The first time you connect the board, it will enumerate as the default FX2
VID:PID of 04B4:8613. The first step is to use the "flcli" tool to program the
EEPROM so the FX2 boots the FPGALink firmware on startup:
flcli -i 04b4:8613 -v 1d50:602b:0002 --eeprom=std
If you have more than one board and want to address them separately, just
increment the "0002" for subsequent boards.

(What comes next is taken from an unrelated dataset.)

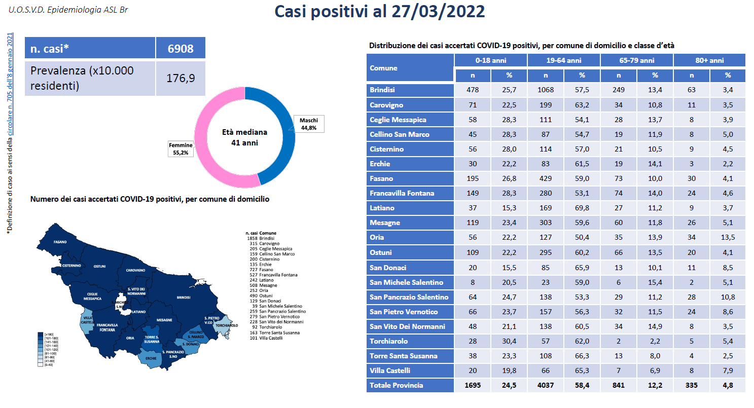 Per quanto riguarda la distribuzione per Comune i positivi sono 1858 a Brindisi, 727 a Fasano, 527 Francavilla Fontana, 508 a Mesagne, 490 a Ostuni, 315 a Carovigno, 279 a San Pietro Vernotico, 259 a San Pancrazio Salentino, 252 a Oria, 242 a Latiano, 228 a San Vito dei Normanni, 205 a Ceglie Messapica, 200 a Cisternino, 163 a Torre Santa Susanna, 159 a Cellino San Marco, 135 a Erchie, 129 a San Donaci, 101 a Villa Castelli, 92 a Torchiarolo, 39 a San Michele Salentino. I Comuni della provincia di Brindisi con i maggiori valori di incidenza cumulativa sono, nell’ordine, Torchiarolo, Brindisi, Cellino San Marco, Oria.

Now you can program the FPGA over JTAG:
flcli -v 1d50:602b:0002 -p J:A7A0A3A1:your-design.xsvf
If you want to permanently load a design into the FPGA's boot flash, you can do
so using the spi-talk design:
cd makestuff/hdlmake/apps
../bin/hdlmake.py -g makestuff/spi-talk
cd makestuff/spi-talk/vhdl
../../../../bin/hdlmake.py -t ../templates/fx2min/vhdl -b lx9r3 -p fpga
flcli -v 1d50:602b:0002 -p J:A7A0A3A1:fpga.xsvf
You can now use the "gordon" tool to load the flash:
gordon -v 1d50:602b:0002 -t indirect:1 -w your-design.bin:0
The board will subsequently boot into your design on power-up.
There are various HDL applications which may be of interest to you:
https://github.com/makestuff/blinky
https://github.com/makestuff/swled
https://github.com/makestuff/readback
https://github.com/makestuff/spi-talk
https://github.com/makestuff/logic-sampler